Reading in and writing out one line at a time

5 messages · Uwe Ligges, Jan van der Laan, Johannes Hüsing +1 more

#
I hope that somebody can help me with this - I think very simple - issue...?

I am running a package that only accepts one line at a time, but I would
like to run this package on a dataframe of >500 lines. 

Dataframe "d" is a single column:

APPLES
PEARS
AUBERGINES
KUMQUATS

I would like to read one line of my dataframe "d", individually into a new
frame "f", then execute the program on "f" and it provides an output:
[[1]]
[1]  FREDBLOGGS

[2]  250

I would like to record this output to a two column dataframe, "r", such as:

FREDBLOGGS     250

and then repeat the process on the next line of dataframe "d", and so on to
the end of dataframe "d",writing each line into "r" so that the dataframe
"r" eventually reads:

FREDBLOGGS     250
JAMESJONES      175
TERRYTAITE       892
HARRYSMITH     320


I'm afraid that I'm new to this, but think that this first step in will be
very useful in general. Thank you kindly for any help.
1 day later
#
On 20.05.2010 00:47, sedm1000 wrote:
This will be slow, therefore I'd suggest to read the whole data frame at 
once and then feed it row by row into your function.

Uwe Ligges
#
Perhaps you mean something like sapply or apply?

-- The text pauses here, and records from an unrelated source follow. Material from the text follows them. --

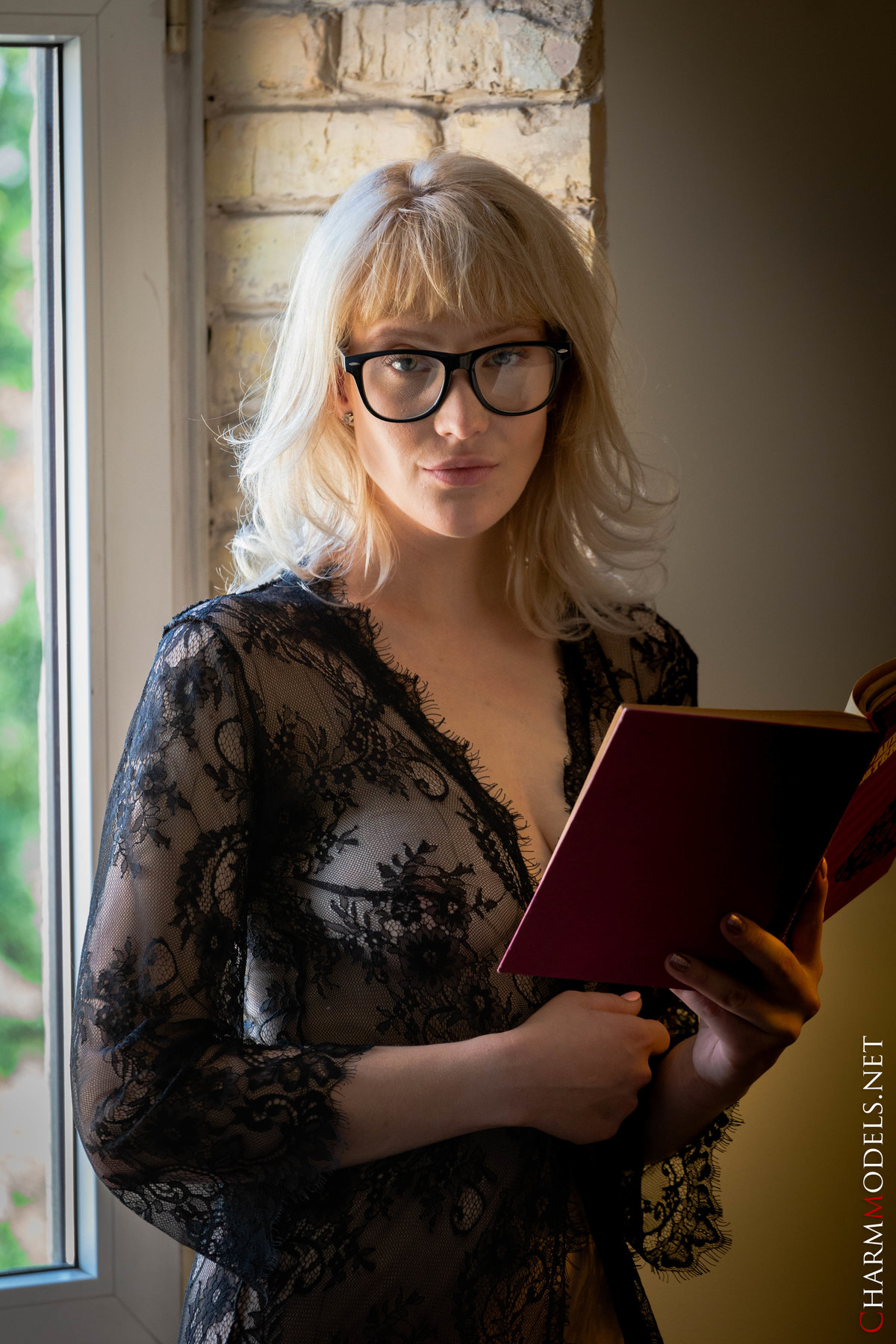 Limona in Charm Models set Reads Book In Sexy Transparent Lingerie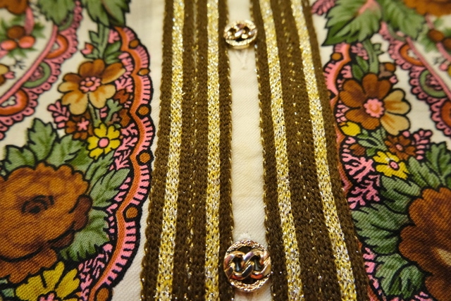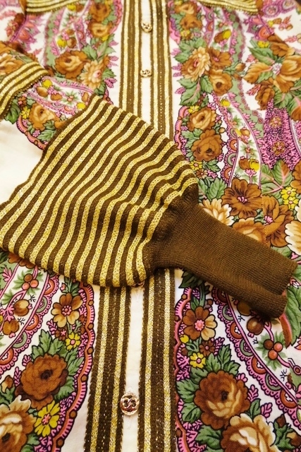 レトロでエレガントな花柄プリントにこげ茶色×ゴールドのリブ切替デザインがお洒落で個性的な1960年代頃のヨーロピアンヴィンテージカーディガン ちょうちん袖が強調されるロングリブカフスがポイント!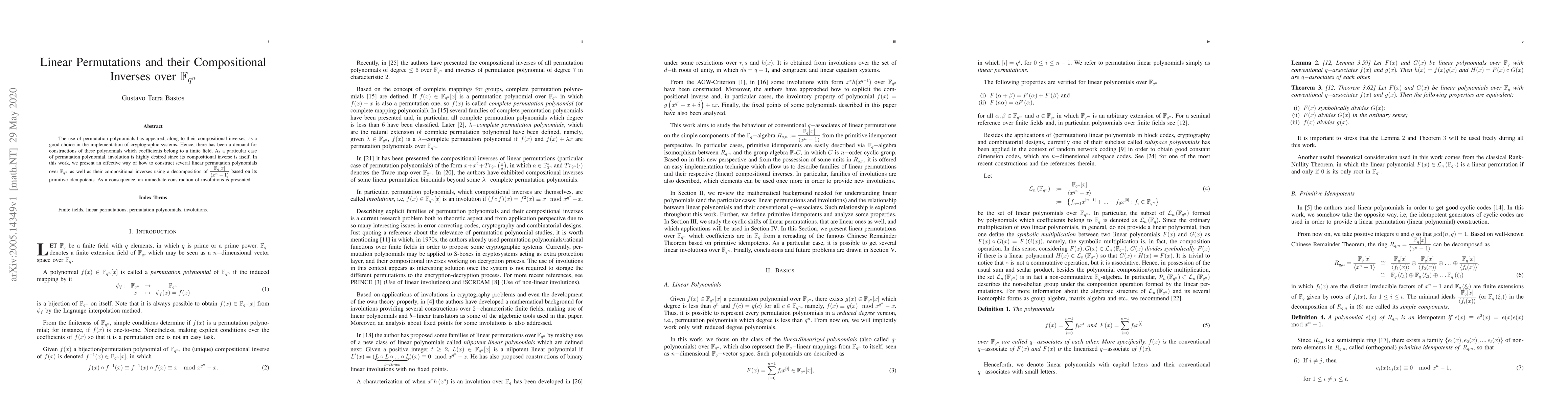 The use of permutation polynomials has appeared, along to their compositional inverses, as a good choice in the implementation of cryptographic systems. Hence, there has been a demand for constructions of these polynomials which coefficients belong to a finite field. As a particular case of permutation polynomial, involution is highly desired since its compositional inverse is itself. In this work, we present an effective way of how to construct several linear permutation polynomials over $\mathbb{F}_{q^n}$ as well as their compositional inverses using a decomposition of $\displaystyle{\frac{\mathbb{F}_q[x]}{\left\langle x^n -1 \right\rangle}}$ based on its primitive idempotents. As a consequence, an immediate construction of involutions is presented.

When d is indeed a data.frame with one column: sapply(d[,1], mash)

Regards,

Jan van der Laan
On Thu, May 20, 2010 at 12:47 AM, sedm1000 <gdoran at mit.edu> wrote:
#
Jan van der Laan <djvanderlaan at gmail.com> [Fri, May 21, 2010 at 11:22:35AM CEST]:
Neither am I certain what he means exactly, but I would use apply and cousins
only if I don't care in which sequence the elements are processed. His problem
(reading line by line) sounds as if the order of processing matters.
#
Hi, Thanks for you insight. 

the problem that I have is that the program reports back an error: 

Error in FUN(X[[1L]], ...) :
 STRING_ELT() can only be applied to a 'character vector', not a 'integer

When I try to read in a multi-row frame, and so I can only feed in one row
at a time. The data is then output thus:

[[1]]
[1]  FREDBLOGGS

[2]  250 


The best that I can understand, I need to split my multi-row dataframe into
single rows, and then record the output into single rows in a new results
dataframe, and rbind to add the next output to the results dataframe. 

If anybody can understand the error message, then that would be useful
too..!

Thanks.